The tumor microenvironment significantly influences cancer development, progression, and therapeutic resistance. We are interested in targeting in a secreted molecule found to be highly overexpressed in a large proportion of hepatocellular carcinoma (HCC), suggesting it plays a critical role in tumor biology. Our project aims to inhibit its expression, using small interfering RNAs (siRNAs). They are a powerful molecule for gene silencing, but their clinical application is limited by challenges such as instability in biological fluids and poor cellular uptake. To overcome these barriers, this study focuses on developing a targeted delivery system using aptamer-based approaches, which offer high specificity and low immunogenicity. Aptamers are short, single-stranded DNA or RNA molecules that can fold into defined three-dimensional structures to bind specific cellular targets with high affinity. Aptamers targeting cell-surface receptors are also capable of cellular internalization, making them promising carriers for the delivery of therapeutic molecules like siRNAs.
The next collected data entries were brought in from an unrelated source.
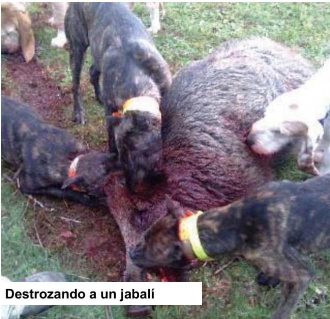
Destrozando a un jabalí

d) Que la correcta interpretación del art. 1 de la Ley 11/2003, de 24 de noviembre, de protección de los animales indica que los perros de rehala tienen la consideración de animales de renta.
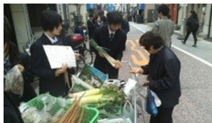
飯田市の「地域人教育」より

若者が地域づくりに関わることにより、地域の担い手として育っている事例が、長野県の各地に見られます。そこでは、取り組みの推進役や調整役として、公民館が重要な役割を果たしています。この講座では、そのような取り組みを支援している講師をお迎えし、若者と地域をつなぐ公民館の可能性について学びます。
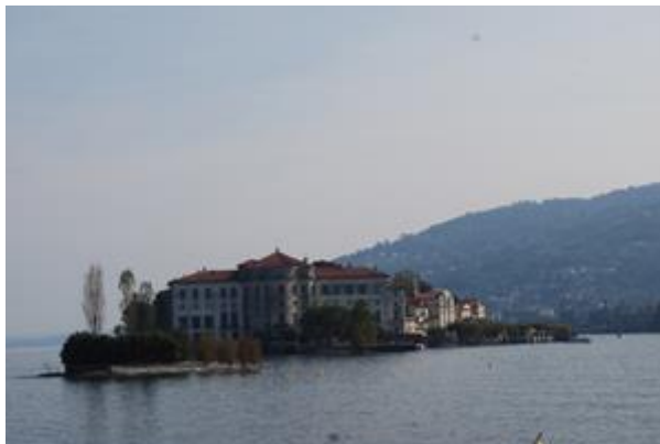
Foto 16. Остров Белла
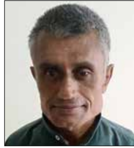
દિપક નવીનચંદ્ર મોમાયા ઉપવાસ - ૯

Our objective is to evaluate the potential of siRNA delivery thanks to aptamers that target a cell surface marker overexpressed in HCC, using two strategies:

• Aptamer–siRNA Conjugates (AsiCs) – Direct chemical linkage of siRNA to the aptamer
• Aptamer-Functionalized Nanoliposomes (AsiNLs) – Liposomes encapsulating siRNA and decorated with surface aptamers

Our preliminary data provide information on the stability of the aptamer and of the AsiC in different buffers and medium. To facilitate the delivery of siRNA, various prototypes of Neutral and cationic liposomes, decorated with aptamers have been formulated, exhibiting an average size of approximately 100 nm with variety in zeta range conferring to the composition. Currently, the project is progressing, the formulations of interest possess low toxicity and we are focusing on optimizing the delivery of AsiNL into the cells.

We next plan to optimize siRNA cytosolic delivery thanks to photochemical and pharmacological approaches. Hence, Liposomes emerges as a promising concomitant delivery system to enhance the internalization and bioavailability of siRNA guided by aptamer towards specific HCC cell-surface receptors.